Her liberal husband, a history teacher who prefers helping others by sitting on committees, is played by Reese Madigan, an actor who does his best to create a character from a string of zingers and snide one-liners.


Performed in 90 minutes with no intermission, “George is Dead” has regular flashes of wit, but it doesn’t grab hold of your emotions like it should. When Carla’s mother shows up to do some mothering (of Doreen, naturally), the dialogue is both overwrought and underdeveloped. A final scene at a funeral home feels tacked on and pointless. But it’s the giddy abandon of Marlo Thomas, her raspy voice like an old friend, that sends the play into low-level comic orbit. Along the way, she finds moments of touching self-awareness in a character built mostly for laughs.


Thomas is capable of much more, as she demonstrated playing another sort of socialite in the national tour of “Six Degrees of Separation.” In a role that earned Stockard Channing nominations for a Tony Award and an Academy Award nomination, Thomas was second to none, nailing every melancholy nuance of John Guare’s 1990 play. Until Doreen’s doozy of an arrival, “George is Dead” treads comic water — George finds common political ground with the Dominican driver (Carman Lacivita) taking him to the airport, and another scene establishes the relationship between Carla and Michael.
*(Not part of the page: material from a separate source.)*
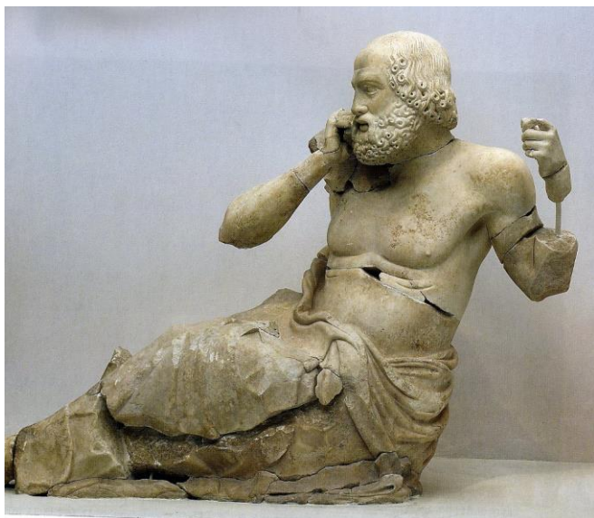
Рис. 2. Оракул. Фрагмент скульптуры восточного фронтона храма Зевса в Олимпии. Мрамор. 468–456 гг. до н.э. Археологический музей, Олимпия.

Обращаясь к классической Греции, формулу задумчивого человека встречаем в разных видах искусства, но прежде всего, в скульптуре. Так, например, изображен Оракул на восточном фронте храма Зевса в Олимпии 472-456 гг. до н.э. (Олимпия, Археологический музей) [24]. Сама поза соответствует образу пророческого сосредоточения Оракула и контактов с божеством.

Directed by the playwright, whose screenplay for “Heaven Can Wait” was Oscar-nominated three decades ago, “George is Dead” is not a dud, but it feels like it’s not done.


One hopes that May, a writer with smarts to spare, bulks up the play with added layers of meaning. Perhaps Don Murray’s unfortunate performance as George will prompt her to rethink the title character and hit upon a more enticing opening and a more satisfying ending.


The good news is that even a half-baked comedy from Elaine May is pretty delicious stuff.